地方財務5月号の今月の視点に中山市長が寄稿している。
タイトルは、「新しい時代の財政パラダイムを創る!(夢や可能性への制度のしわを伸ばす)」で、
*国債と国の財政管理のあり方
・そもそも財政の健全化とは?
・「国債」は国民にとっての資産でもある
・今こそ、新時代の経済財政パラダイムを!
・国債を新の宝に変える平成の徳政令
*地方財政の水平的連携と地域起点の分権型の国づくり
・新しい水平的連携の一つのあり方
・一括交付金の弊害からの脱却と分権型国家への一道程
・地方のインフラ整備の本源的な意味
*まとめ
以上の小見出しで9ページに及んでいます。
市長は、財政の健全化に疑問を表明しています。そして、「国債は政府にとっては借金であるが、保有する国民にとっては大切な資産である。国債は保有する国民にとっては、証券であり、資産であり、財産である。その累積された国債としての規模の大きさが、国家経済の発展に肯定的な影響を与えるということである。」と書き、「国債=借金図式による単純な赤字解消一辺倒の議論のみが、その後の財政行動の展望のないままに強調されすぎていないか。羅針盤を持たないなかで盲目的に削減していくことは、国債が資産として消費・投資を促す効果を有していることだけを考えても、国家経済に明らかにマイナスである。」と書いています。
私は、市長の考えには全く賛同できません。
財政法第4条は、国債発行を原則として禁止し、但し書きで、「公共事業費、出資金及び貸付金の財源については、国会の議決を経た金額の範囲内で、公債を発行し又は借入金をなすことができる」と規定して、国債は将来の世代の負担となるが、公共事業により建設される社会資本は将来の国民も利用できるから、例外的に建設国債の発行を認めています。

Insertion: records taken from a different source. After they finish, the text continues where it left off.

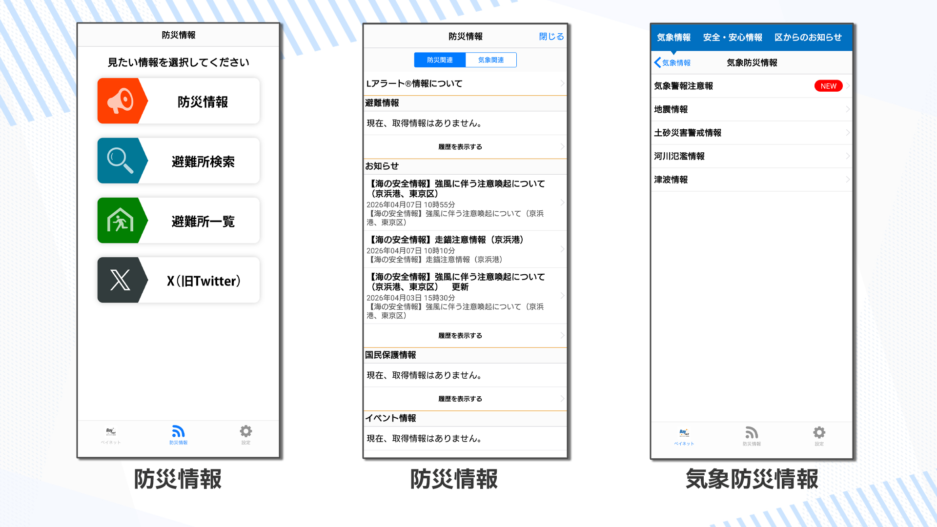 また、災害発生時は江東区・中央区などの行政区から配信される正確な情報を得ることができます。
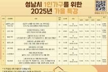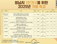 [ 중앙뉴스미디어 ] 성남시는 오는 10월 20일부터 12월 29일까지 중원구 하대원동 1인 가구 힐링스페이스에서 총 150명이 참여하는 7개 과목(과목별 20~30명)의 특강을 연다. 이번 특강은 문화·정서·예술 등의 분야에서 1인 가구의 자기 계발 역량을 높이고, 사회적 관계망 확대를 지원하기 위해 마련된다. 운영 과목은 △인지기능 유지 등 성공적 노화 △감정 코칭 △힐링 아트 △힐링 노래 △보드게임 △시네마 토크 △독서토론 등이다. 과목별 전문 강사를 초빙해 각각 4회 과정으로 특강을 진행한다. 성남시 거주 1인 가구면 누구나 참여할 수 있다. 참여 신청은 성남시 평생학습 통합플랫폼 ‘배움숲’이나 전화, 방문 등 다양한 방법으로 할 수 있다. 과목별 선착순 접수하며, 수강료는 무료다. 단, 재료비는 자부담이다. 성남시 힐링스페이스는 지난 2023년 7월 18일 전국 첫 직영 체제로 설치된 1인 가구 지원시설이다. 성남지역 38만3004가구의 35.1%를 차지하는 1인 가구(13만4409가구)를 정책적으로 지원하는 역할을 한다. 이번
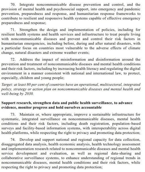 "Vključite preprečevanje in obvladovanje nenalezljivih bolezni ter zagotavljanje duševnega zdravja in psihosocialne podpore v okvire za preprečevanje, pripravljenost in odzivanje na izredne razmere in pandemije ter humanitarno odzivanje, da bi prispi k odpornim in odzivnim zdravstvenim sistemom, ki so sposobni učinkovite pripravljenosti in odzivanja na izredne razmere." Odstavek 70.
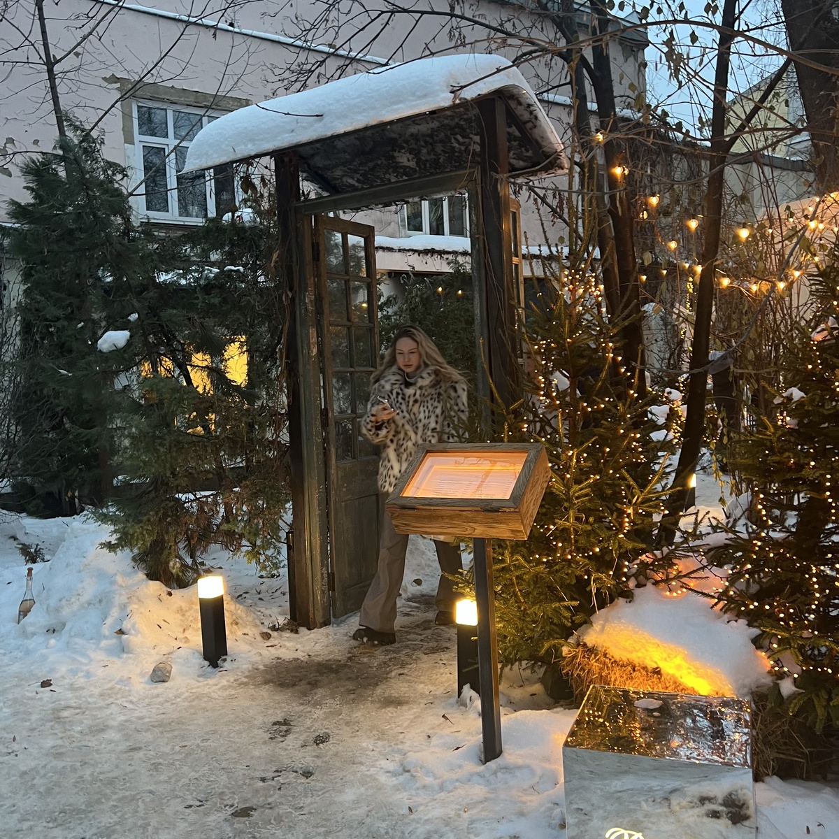 С недавних пор «Рябчик» в Москве – это не только птица и растение, но еще и кафе – относительно новый проект стилиста Егора Рябчика, основателя сети парикмахерских «Бублик». Открылось кафе во дворовых дебрях Покровки, и его надо искать. Кстати, один гастро-«Рябчик» уже обитал в районе Покровки, но чуть ближе к цивилизации и уже закрылся. Путь в кулинарный мир товарища Рябчика пролегает через арки старых зданий, по смачной слякоти и грязи, через парковку и к желтым огонькам в торце двора. Там мини-газон, несколько деревьев, ели, деревяная дверь без стен, тропинка, стойка с меню под стеклом, и тканевые серо-белые декорации на улице. Вход и окно выглядят одинаково, отличие – козырек с надписью.
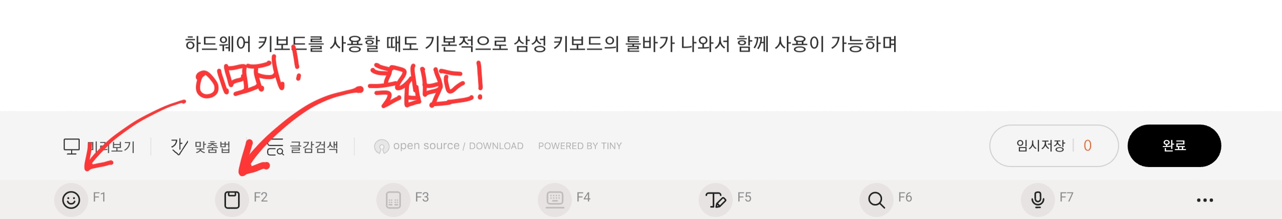 하드웨어 키보드를 사용할 때도 위의 화면처럼 기본적으로 삼성 키보드의 툴바가 나와서 함께 사용이 가능해졌다는 것이 특징입니다. 그래서 기존에 블루투스 키보드를 사용할 때 불편했던 이모지나 클립보드 사용 등에서 훨씬 더 편리하고 최적화된 사용자 경험을 제공합니다. 이 부분은 정말 매우매우 마음에 듭니다 🤩

国の平成23年度予算で、国債は44兆円発行される予定ですが、この44兆円のうち、第4条の但し書きが該当するのは6兆円のみであり、大半を占める38兆円は赤字国債です。
平成6年以降、社会保障費などの財源不足を補うために毎年発行されている赤字国債の残高は421兆円に達しており、現在の国債残高668兆円のうち、社会インフラの整備など資産を生み出すために使われた建設国債の残高は247兆円となっています。そして、この他にも、財投債(財政投融資特別会計国債)119兆円、政府短期証券154兆円、交付税特会等借入金57兆円などの借入金があり、私は、赤字国債は減らしていかねばならないと考えます。
また、中山市長は、「これだけの国債を出しても、経済システムが維持され、円高も進むほどの信用力とそれを支える基礎的な経済体力がある。膨大な富の力の蓄積を現在にいただいているのだ。」と書いていますが、円高についての認識には大きな間違いがあります。
日本の政策金利が世界で最も安い0%代で長期安定していたことから、外国人投資家がリスクの高い金融商品を購入するため、日本円を原資として長期にわたって大量に借入れて円を売って外貨を買う円キャリートレードで運用したため、円安が進むとともに運用総額はリーマンショック前に6京円に達したといわれています。
リーマンショック前、日本の経済成長がいざなぎ景気を越えたといわれたころ、そのころ、国債の格付けも下げられておらず日本の信用は今よりもありましたが、120円近い円安になりました。
しかし、リーマンショックにより、リスクの高い金融商品は一気に信用を失い、外国人投資家は金融商品をドルやユーロに現金化しましたが、日本で借りた資金も低いとはいえ金利があるので度大量のドルやユーロを円に換えて日本の銀行に返済しています。同時に、外国人投資家が3割を保有している日本の株価も減少したために円の市場に外貨が集まりやすい状況が出来上がり、円高が進みました。そして、その後も投資マネーによる売り買いが続いているため、円高の状況が続いているというのが市場の認識です。
正しい現状認識がなければ、健全な財政運営はできないと思います。